The outcome is clear: consistent, high income; the difficult question is how to deliver it.

Consider including alternatives as a complement to traditional strategies in an income portfolio. They can help investors take advantage of the only free lunch in investing: diversification. In order to meet clients' income goals, why not search for a more diverse — and higher earning — set of less traditional or “alternative” income-producing assets?

The income portfolio is one of the three “primary colors” necessary for meeting clients' objectives and of equal importance to capital preservation (as discussed in my last article) and growth.

The equity bull market may be ending, and traditional fixed income is increasingly at risk from rate hikes by the Federal Reserve and other central banks. Thus the usual income-generation solutions, like U.S Treasuries, will likely become more volatile and not work nearly as well as investors hope. Fixed income investors have ridden the curve for the last 30 years, but with the secular decline from 14% down to near zero today, that long ride is over. A laddered portfolio of fixed income securities is almost certain to do one thing: run out of money.

(Related read: How alternatives perform vs. traditional investments when markets get wild)

To get more income, clients may have to accept trade-offs, even with broader income diversification. In this portion of a portfolio, there may need to be some tolerance for changes in asset values. For example, to create an income portfolio that targets 6%-8%, investors will need to include securities that are subject to greater market volatility, at least compared to cash and short duration bonds. A 5%-10% drop in asset value will not make clients happy — but the focus should be on the sizeable, consistent income the portfolio generated.

Alternatives can help. They can carry risk, far more than Treasuries, and thus are best accessed with guidance from professional managers. Nonetheless, while “alternatives” take in a lot more than esoteric, high-risk hedge fund strategies, many of these strategies can be downright simple.

If we consider income-producing alternatives to be anything that is not traditional fixed income, the first set of “simple” options for income generation are actively-managed equity products:

• Preferred equities: They may be a bit under the radar, but they can offer highly attractive yields. Since many issuers are in financial services, the capital buffer requirements of Dodd-Frank promise to make them even safer, with potentially increasing yields.

• Dividend stocks: They can generate substantial income with almost clockwork precision. There is risk to asset values, but over full cycles they usually perform at least as well as market average. Alternatives in this class can employ tactical strategies such as focusing on lower volatility dividend stocks to maximize returns and address risks.

• Global equities: Give investors access to other markets that are less correlated with the U.S. and can, in some sectors and regions, offer higher yields. It can mean taking on country and currency risk, but choosing a diverse and healthy group can dampen volatility.

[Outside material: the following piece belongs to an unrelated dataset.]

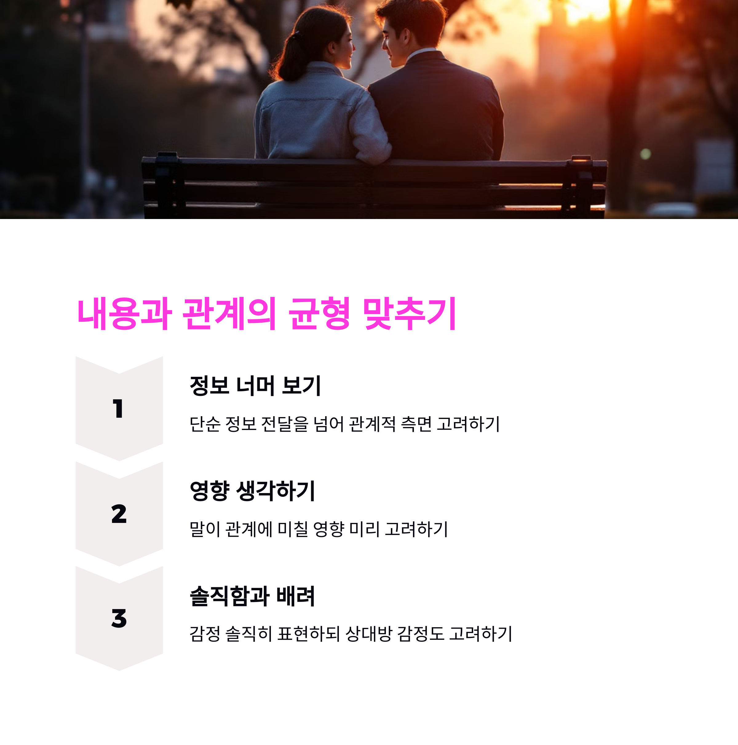 내용과 관계의 균형을 맞추면 오해와 갈등을 줄이고 더 깊은 교감을 나눌 수 있어요.
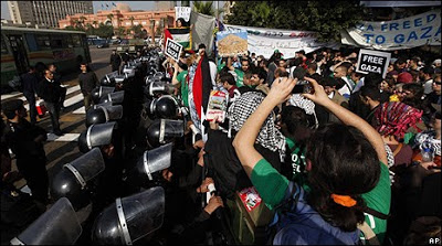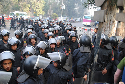 Cairo riot police confront Gaza Freedom March. Top photo from AP. Bottom photo by Brandon Delyzer from rabble.ca.

Next is a class of products that are actively managed and structured fixed income strategies:

• Structured credit securities: Have low duration risk and attractive yields. Poor underwriting and high leverage led to bad outcomes in 2008/2009, but with the worst of the housing bubble behind us, defaults continue to reduce as the economy improves. Investors may want to reassess.

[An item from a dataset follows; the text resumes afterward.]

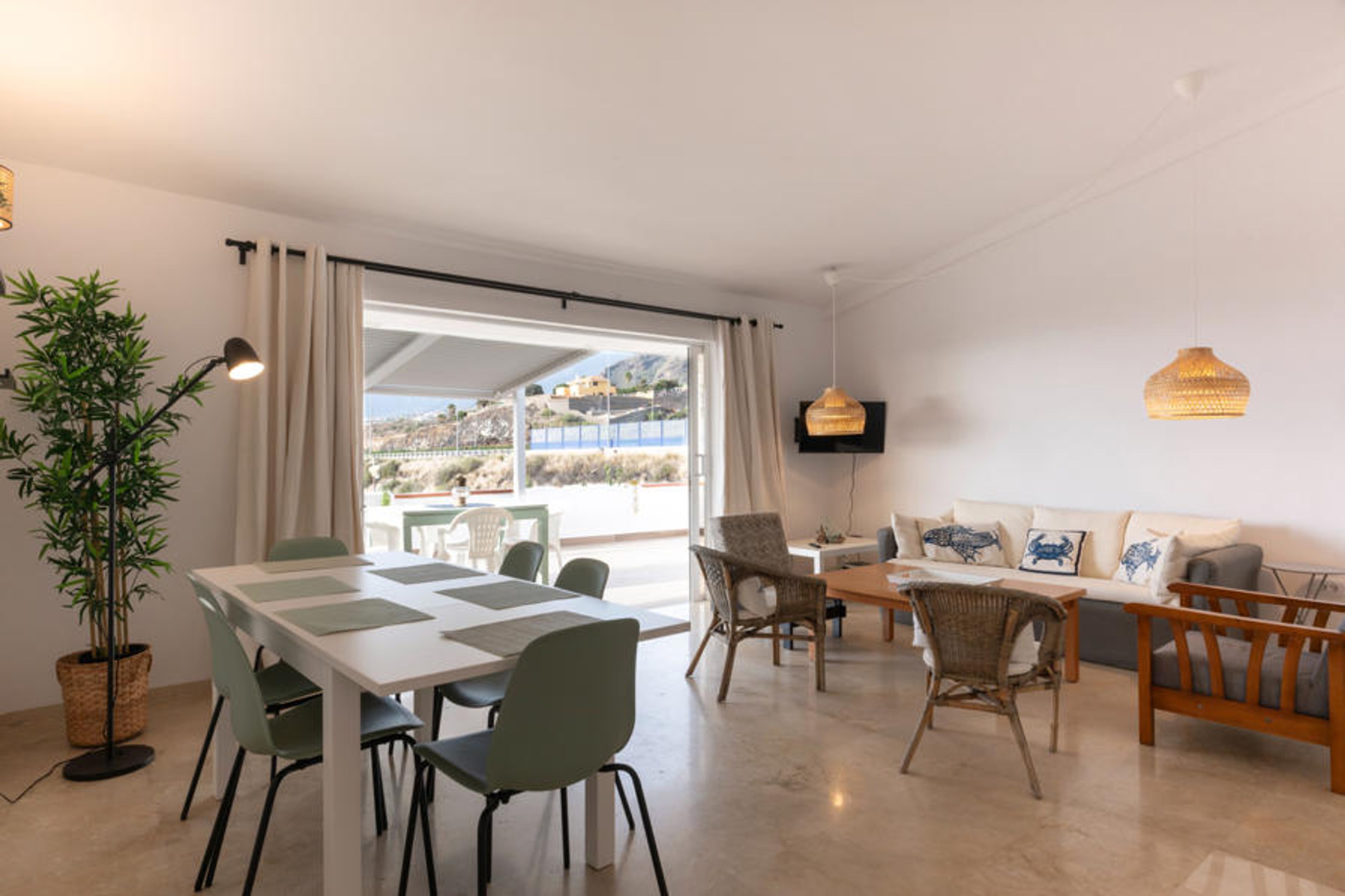 The house is very modern with minimalist decor, spacious, comfortable, and very bright, with an area of 240 m². Additionally, it features a wonderful and spacious terrace from where you can enjoy magnificent sea views, while also being able to enjoy a marvelous dinner, as it has a table and chairs outside. You can also enjoy the great climate of the area in the loungers you will find on its spectacular terrace, relaxing on them and enjoying the sunset.
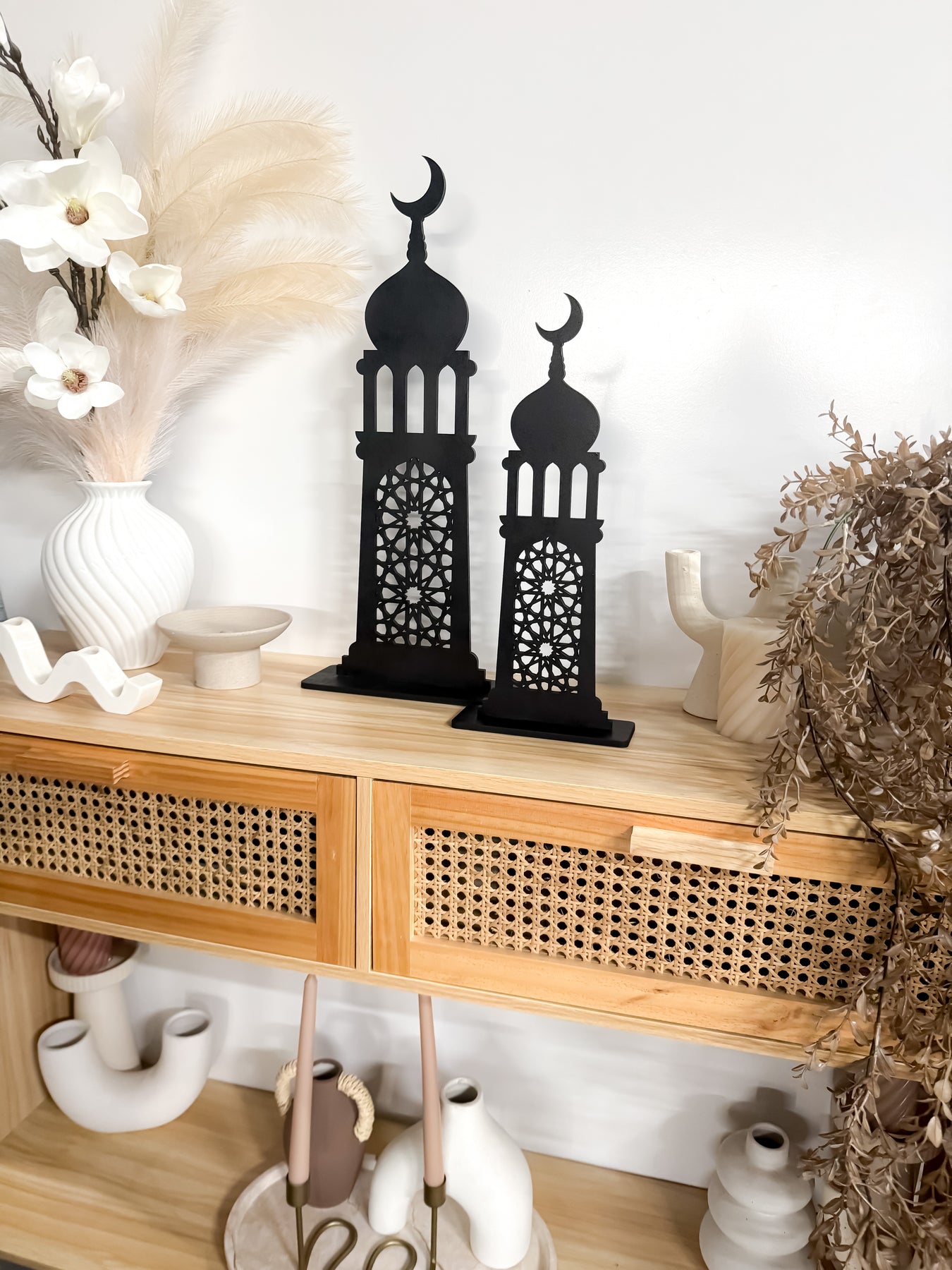 Create a beautiful and serene focal point in your Ramadan corner or prayer room with this handcrafted layered statement piece. Perfect for styling on consoles, buffets, prayer shelves or entryways, it’s a timeless décor item you can cherish and reuse year after year.

• Floating rate securities: Reset as interests rates rise, giving investors protection from almost certain increases in global interest rates. Look for managers with solid track records and the ability to prudently manage leverage.

There are also excellent alternatives in products that had previously been available only to high-net-worth investors:

• Master limited partnerships: They're not all created equal: structures matter. They must distribute most of their income to qualify for special tax treatment, which can bring investors very high income. Their focus is typically on energy infrastructure, which boomed with U.S. shale oil and gas fracking, but valuations have declined recently with the fall of oil prices. Look for managers that have proven they can manage through cyclical changes in energy markets.

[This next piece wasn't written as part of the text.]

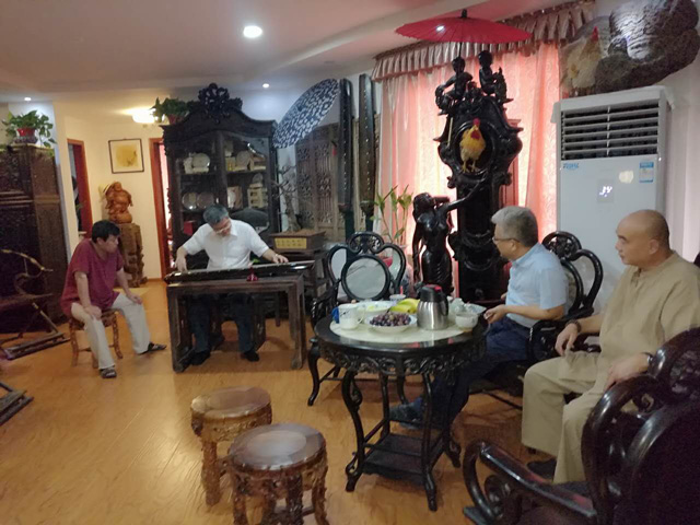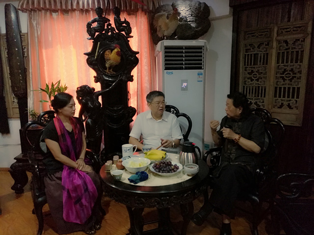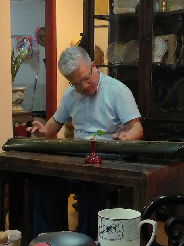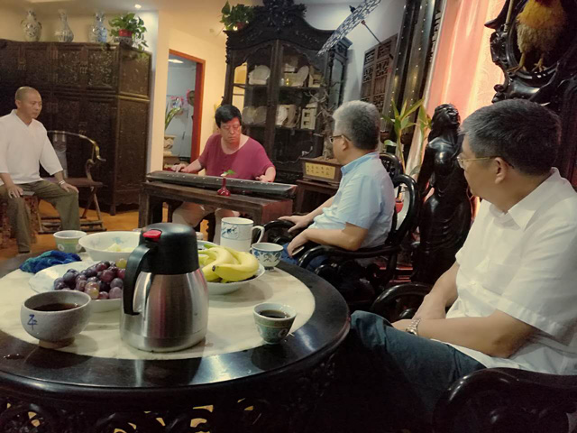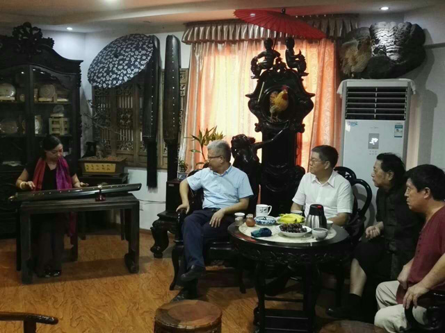 琴界德高望重,著名泛川派琴家,武汉音乐学院教授丁承运先生做客江西省古琴学会及酉民古琴工作室,与其就坐的有著名广陵梅氏传人徐永先生和其弟子原省长孙刚先生,本次古琴大赛组委会主任,华东交通大学副书记汪立夏先生,景德镇陶瓷大学书记郭杰忠先生,江西省古琴学会会长海月女士,副秘书长徐金林先生,酉民古琴工作室杨先生。大家在畅谈之中,从传统古琴流派到古琴的发展,再到琴曲交流,进行了深入探讨。丁承运先生的深入浅出讲话及精湛的古琴演奏打动了在坐的知音,对杨氏的古琴感觉弹起来轻松脆滑很顺手,而徐永先生与海月女士所抚梅氏广陵名曲更是大开眼界。此次雅聚给大家留下了深刻,美好的回忆。
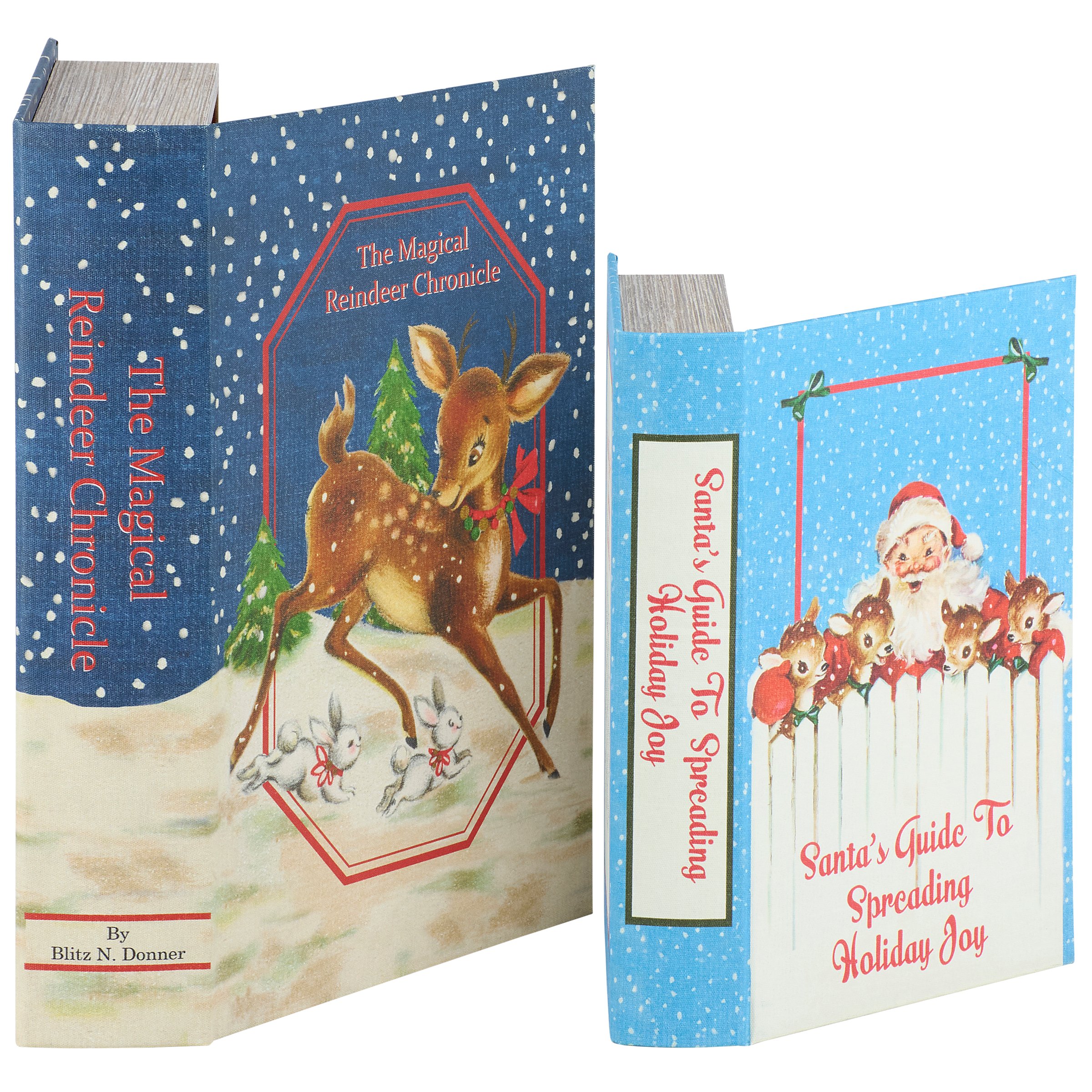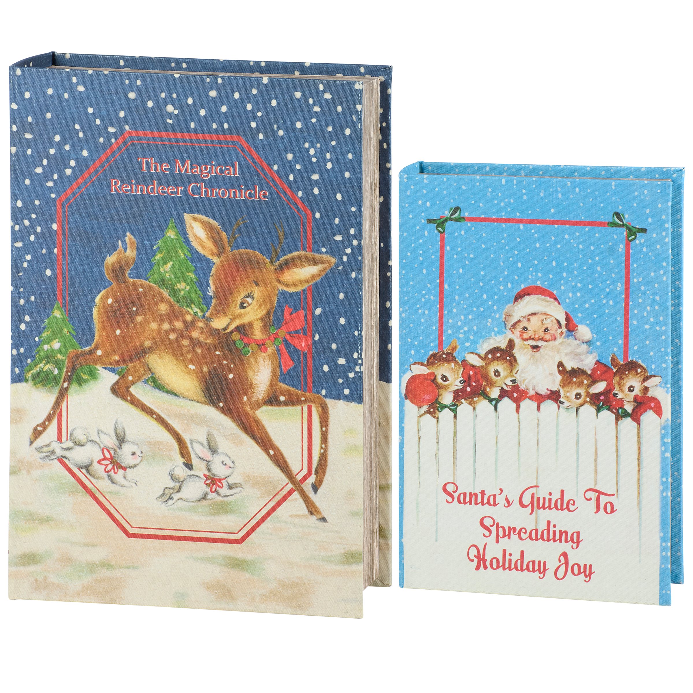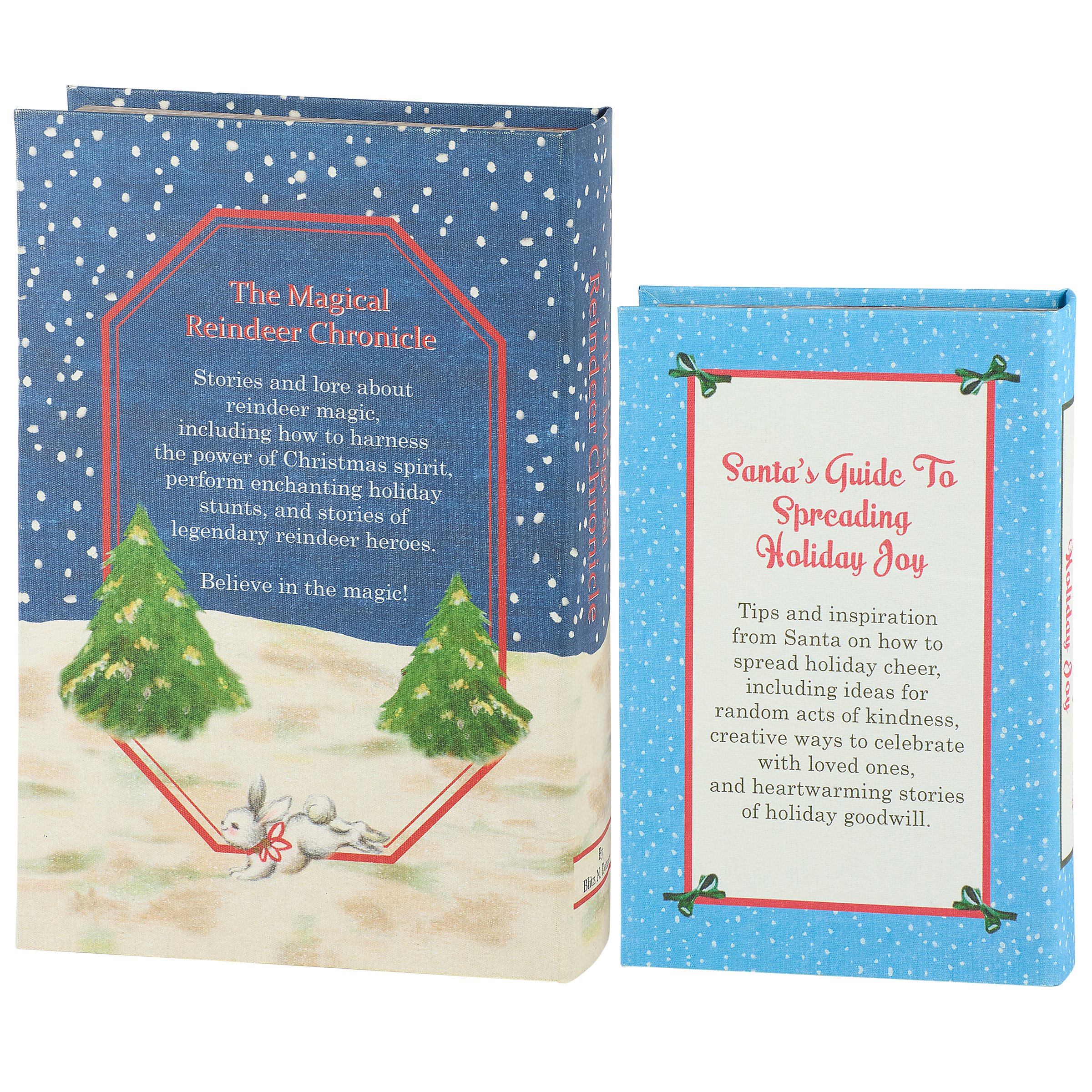 A set of 2 decorative boxes from our Christmas Collection displaying coordinating book designs in different sizes inspired by retro Christmas home décor. Each Christmas book box features a textured canvas wrap displaying the exterior of a vintage book with distressed details and colorful reindeer designs as well as titles including "The Magical Reindeer Chronicle" and "Santa's Guide To Spreading Holiday Joy." This set of retro Christmas book boxes also display coordinating title designs on the side to give the appearance of a book spine when on a shelf and a synopsis on the back for each book. The front covers open to reveal a velvet lined space for storing items with a magnet closure for secure storage when standing up. Our Magical Reindeer Chronicle book box set can be used upright on a bookshelf or laid flat with the cover open displaying decorative accents inside. A set of reindeer themed home accents perfect for storing keepsakes in style or for decorating retro Christmas displays.

• Real estate funds/REITs: Give investors access to a broad range of real estate markets, domestic and international. Income (mostly from rents) usually keeps up with or exceeds inflation and real estate's low correlation to other asset classes enhances diversification.

• Infrastructure funds: Invest in big, high-quality, non-cyclical assets like highways, bridges, tunnels, pipelines and water systems. Income streams are very dependable. Managers with global capabilities are best positioned to find consistently attractive opportunities.

The diversity of this list highlights the fact that, while often advantageous, many alternative investments can be difficult for clients to assess. One source may prove insufficient. To meet clients' immediate income goals and achieve diversification, a multi-manager approach that relies on specialists in each category is the best path to building strong, robust portfolios.

Thomas Hoops is executive vice president and head of business development at Legg Mason Global Asset Management.